For the exclusion of pathogenic copy-number variation (CNV) in the genome of all hearing-impaired individuals before undergoing target enrichment sequencing, we performed either a SNP array or array comparative genomic hybridization using genomic DNA prepared from peripheral blood by a standard salt extraction method. SNP array CNV detection was performed with an Illumina Omni1-Quad v1.0 chip (Illumina, San Diego, CA) according to the manufacturer’s specifications.

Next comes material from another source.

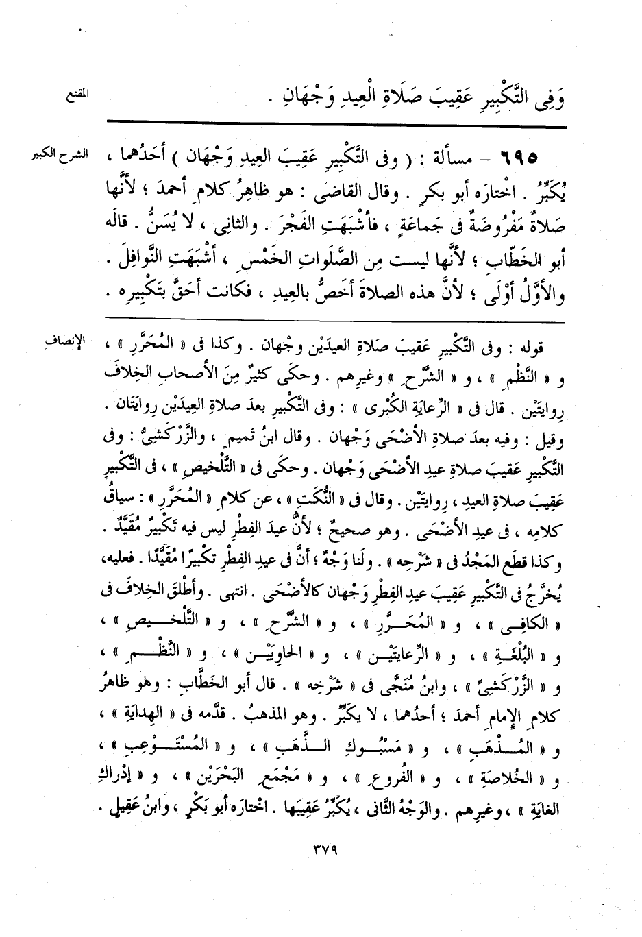 قوله: وفى التَّكْبيرِ عَقيبَ صَلاةِ العيدَيْن وجْهان. وكذا فى «المُحَرَّرِ»، و «النَّظْمِ»، و «الشَّرْحِ» وغيرِهم. وحكَى كثيرٌ مِنَ الأصحابِ الخِلافَ رِوايتَيْن. قال فى «الرِّعايَةِ الكُبْرى»: وفى التَّكْبيرِ بعدَ صلاةِ العِيدَيْن رِوايَتَان. وقيل: وفيه بعدَ صلاةِ الأضْحَى وَجْهان. وقال ابنُ تَميم، والزَّرْكَشِىُّ: وفى التَّكْبيرِ عَقيبَ صلاةِ عيدِ الأضْحَى وَجْهان. وحكَى فى «التَّلْخيصِ»، فى التَّكْبيرِ عَقِيبَ صلاةِ العيدِ، رِوايتَيْن. وقال فى «النُّكَتِ»، عن كلامِ «المُحَرَّرِ»: سياقُ كلامِه، فى عيدِ الأضْحَى. وهو صحيحٌ؛ لأنَّ عيدَ الفِطْرِ ليس فيه تَكْبيرٌ مُقَيَّدٌ. وكذا قطَع المَجْدُ فى «شَرْحِه». ولَنا وَجْهٌ؛ أنَّ فى عيدِ الفِطْرِ تكْبيرًا مُقَيَّدًا. فعليه، يُخرَّجُ فى التَّكْبيرِ عَقِيبَ عيدِ الفِطْرِ وَجْهان كالأضْحَى. انتهى. وأطْلقَ الخِلافَ فى «الكافِى»، و «المُحَرَّرِ»، و «الشَّرْحِ»، و «التَّلْخيصِ»، و «البُلْغَةِ»، و «الرِّعايتَيْن»، و «الحاوِيَيْن»، و «النَّظْمِ»، و «الزَّرْكَشِىِّ»، وابنُ مُنَجَّى فى «شَرْحِه». قال أبو الخَطَّابِ: وهو ظاهرُ كلامِ الإِمامِ أحمدَ؛ أحدُهما، لا يكَبِّرُ. وهو المذهبُ. قدَّمه فى «الهِدايَةِ»، و «المُذْهَبِ»، و «مَسْبُوكِ الذَّهَبِ»، و «المُسْتَوْعِبِ»، و «الخُلاصَةِ»، و «الفُروعِ»، و «مَجْمَعِ البَحْرَيْن»، و «إدْراكِ الغايَةِ»، وغيرِهم. والوَجْهُ الثَّانى، يُكَبِّرُ عَقِيبَها. اخْتارَه أبو بَكْرٍ، وابنُ عَقِيلٍ.

Array data were analyzed using GenomeStudio version 2011.1 (Illumina) and the QuantiSNP 2.2 copy-number detection algorithm.9 Array comparative genomic hybridization was performed using a Roche NimbleGen CGX v1 315K array (Roche NimbleGen, Madison, WI) per manufacturer’s recommendations using healthy pooled male and female reference DNA (Promega, Madison, WI), and arrays were analyzed using Genoglyphix software (Signature Genomics, Spokane, WA).

Target enrichment sequencing, alignment, and variant detection

Genomic DNA from 30 individuals with hearing impairment and 9 normal-hearing individuals was subjected to one of two possible gene panels containing either 80 or 129 genes that are listed in Supplementary Table S2 online. Both panels shared the same 80 genes, with the 129 gene panel containing additional genes. These panels included NSHL genes with a DFN locus annotation and syndromic HL genes, as well as a limited number of strong candidate HL genes (i.e., from animal experiments). Exome capture and NGS on a HiSeq2000 (Illumina) were performed by Otogenetics Corporation (Norcross, GA). A total of 5 µg genomic DNA at a concentration of 20–500 ng/µl in Tris/EDTA was used as input material for NimbleGen capture methods to generate 2 × 100 paired-end reads. High-quality sequence reads were mapped to the human genome reference (NCBI build 37, hg19), as well as to the reference sequences of the targeted genes in each of the panels using DNAnexus cloud-based data analysis (Mountain View, CA) for variant calling.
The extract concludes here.